### [What is needed]
Pull out every line below that holds the word "Chain".

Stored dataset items

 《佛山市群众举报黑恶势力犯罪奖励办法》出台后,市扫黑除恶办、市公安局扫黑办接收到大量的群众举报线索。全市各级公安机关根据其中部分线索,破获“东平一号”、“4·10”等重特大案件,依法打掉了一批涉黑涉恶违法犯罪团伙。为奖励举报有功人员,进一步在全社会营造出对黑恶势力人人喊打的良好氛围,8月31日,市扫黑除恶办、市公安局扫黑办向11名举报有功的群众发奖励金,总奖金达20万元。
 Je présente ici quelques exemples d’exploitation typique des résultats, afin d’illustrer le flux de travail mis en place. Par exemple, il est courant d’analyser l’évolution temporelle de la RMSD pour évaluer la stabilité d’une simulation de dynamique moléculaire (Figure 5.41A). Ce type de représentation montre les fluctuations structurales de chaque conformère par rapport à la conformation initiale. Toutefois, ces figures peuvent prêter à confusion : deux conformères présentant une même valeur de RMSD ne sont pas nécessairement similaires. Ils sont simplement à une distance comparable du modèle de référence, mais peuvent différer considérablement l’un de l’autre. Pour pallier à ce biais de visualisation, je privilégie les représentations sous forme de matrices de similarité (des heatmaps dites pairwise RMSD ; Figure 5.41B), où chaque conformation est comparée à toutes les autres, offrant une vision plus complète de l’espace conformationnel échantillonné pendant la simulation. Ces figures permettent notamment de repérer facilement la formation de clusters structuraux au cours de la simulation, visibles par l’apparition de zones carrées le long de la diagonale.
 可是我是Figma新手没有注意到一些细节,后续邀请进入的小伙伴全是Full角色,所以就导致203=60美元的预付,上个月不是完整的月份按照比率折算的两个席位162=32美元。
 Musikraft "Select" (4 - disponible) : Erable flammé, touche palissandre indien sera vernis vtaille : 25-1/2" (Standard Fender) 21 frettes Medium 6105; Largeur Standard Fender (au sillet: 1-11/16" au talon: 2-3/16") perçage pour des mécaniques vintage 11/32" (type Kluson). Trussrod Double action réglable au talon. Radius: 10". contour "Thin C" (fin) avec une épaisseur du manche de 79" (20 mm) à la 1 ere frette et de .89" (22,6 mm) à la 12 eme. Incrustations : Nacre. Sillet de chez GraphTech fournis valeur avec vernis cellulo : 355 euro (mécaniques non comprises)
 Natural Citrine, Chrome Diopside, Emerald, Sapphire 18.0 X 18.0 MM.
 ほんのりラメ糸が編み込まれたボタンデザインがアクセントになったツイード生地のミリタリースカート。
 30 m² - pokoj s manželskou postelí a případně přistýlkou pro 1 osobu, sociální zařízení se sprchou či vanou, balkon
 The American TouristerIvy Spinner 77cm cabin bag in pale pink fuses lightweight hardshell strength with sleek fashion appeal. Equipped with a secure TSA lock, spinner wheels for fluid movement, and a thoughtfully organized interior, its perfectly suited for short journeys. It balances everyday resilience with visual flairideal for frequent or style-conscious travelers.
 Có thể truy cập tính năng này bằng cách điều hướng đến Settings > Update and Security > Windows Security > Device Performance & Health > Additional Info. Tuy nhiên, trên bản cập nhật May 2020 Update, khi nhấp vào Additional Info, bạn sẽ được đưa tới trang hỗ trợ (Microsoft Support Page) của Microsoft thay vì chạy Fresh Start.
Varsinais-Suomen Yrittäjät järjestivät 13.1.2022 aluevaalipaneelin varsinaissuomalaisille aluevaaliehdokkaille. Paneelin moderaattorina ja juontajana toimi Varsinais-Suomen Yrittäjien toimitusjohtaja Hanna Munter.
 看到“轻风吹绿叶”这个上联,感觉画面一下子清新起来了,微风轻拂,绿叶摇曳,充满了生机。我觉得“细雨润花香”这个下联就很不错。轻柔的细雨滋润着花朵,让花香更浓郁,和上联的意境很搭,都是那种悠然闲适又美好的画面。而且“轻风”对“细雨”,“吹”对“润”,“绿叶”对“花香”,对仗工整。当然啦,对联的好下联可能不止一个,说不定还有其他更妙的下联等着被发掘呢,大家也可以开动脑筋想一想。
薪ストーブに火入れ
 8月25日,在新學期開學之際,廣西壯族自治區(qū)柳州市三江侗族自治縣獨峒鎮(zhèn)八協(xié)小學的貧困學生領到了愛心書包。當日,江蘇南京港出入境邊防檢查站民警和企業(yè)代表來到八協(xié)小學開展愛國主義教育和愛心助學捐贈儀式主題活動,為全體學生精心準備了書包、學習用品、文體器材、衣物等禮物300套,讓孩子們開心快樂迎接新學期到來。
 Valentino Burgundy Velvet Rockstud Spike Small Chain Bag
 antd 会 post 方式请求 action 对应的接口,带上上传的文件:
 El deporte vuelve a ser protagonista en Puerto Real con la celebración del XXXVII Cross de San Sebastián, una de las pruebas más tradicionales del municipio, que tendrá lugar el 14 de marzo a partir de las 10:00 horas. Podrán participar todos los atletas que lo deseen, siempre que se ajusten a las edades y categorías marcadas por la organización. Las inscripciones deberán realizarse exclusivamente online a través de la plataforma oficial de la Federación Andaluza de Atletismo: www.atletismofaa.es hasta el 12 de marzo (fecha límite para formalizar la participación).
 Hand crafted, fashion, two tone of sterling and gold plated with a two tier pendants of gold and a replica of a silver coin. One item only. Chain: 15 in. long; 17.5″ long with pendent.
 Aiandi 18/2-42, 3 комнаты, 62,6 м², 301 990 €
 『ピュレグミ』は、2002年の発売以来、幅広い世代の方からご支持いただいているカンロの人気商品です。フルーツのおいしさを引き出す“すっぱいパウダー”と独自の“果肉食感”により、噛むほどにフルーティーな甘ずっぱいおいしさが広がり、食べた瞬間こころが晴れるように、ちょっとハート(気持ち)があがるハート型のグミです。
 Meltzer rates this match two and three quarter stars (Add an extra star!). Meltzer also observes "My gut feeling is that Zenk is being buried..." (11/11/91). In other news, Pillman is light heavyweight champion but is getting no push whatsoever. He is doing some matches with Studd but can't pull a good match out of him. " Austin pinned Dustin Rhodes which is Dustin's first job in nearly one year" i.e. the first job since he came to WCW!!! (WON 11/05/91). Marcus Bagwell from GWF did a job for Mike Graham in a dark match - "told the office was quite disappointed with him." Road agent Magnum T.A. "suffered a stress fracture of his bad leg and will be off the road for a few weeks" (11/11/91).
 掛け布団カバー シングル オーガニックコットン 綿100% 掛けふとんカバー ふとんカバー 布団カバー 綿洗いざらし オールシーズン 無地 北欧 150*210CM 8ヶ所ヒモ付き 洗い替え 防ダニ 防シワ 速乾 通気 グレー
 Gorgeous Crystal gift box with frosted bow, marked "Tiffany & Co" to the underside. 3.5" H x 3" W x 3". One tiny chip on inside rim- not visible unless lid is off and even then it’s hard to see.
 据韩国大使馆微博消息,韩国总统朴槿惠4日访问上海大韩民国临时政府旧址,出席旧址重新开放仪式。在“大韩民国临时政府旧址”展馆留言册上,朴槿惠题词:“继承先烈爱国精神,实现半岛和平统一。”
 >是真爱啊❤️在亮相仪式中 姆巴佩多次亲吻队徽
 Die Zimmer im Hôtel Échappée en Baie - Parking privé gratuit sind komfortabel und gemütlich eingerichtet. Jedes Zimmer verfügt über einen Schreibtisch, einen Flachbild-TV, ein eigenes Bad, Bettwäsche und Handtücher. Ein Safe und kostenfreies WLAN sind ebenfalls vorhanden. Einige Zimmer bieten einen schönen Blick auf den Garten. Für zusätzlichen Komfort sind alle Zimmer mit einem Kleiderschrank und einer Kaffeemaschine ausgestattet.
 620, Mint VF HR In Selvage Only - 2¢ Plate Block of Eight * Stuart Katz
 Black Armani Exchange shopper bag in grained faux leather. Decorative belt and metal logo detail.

### [Exercise solution]
 Valentino Burgundy Velvet Rockstud Spike Small Chain Bag
 Hand crafted, fashion, two tone of sterling and gold plated with a two tier pendants of gold and a replica of a silver coin. One item only. Chain: 15 in. long; 17.5″ long with pendent.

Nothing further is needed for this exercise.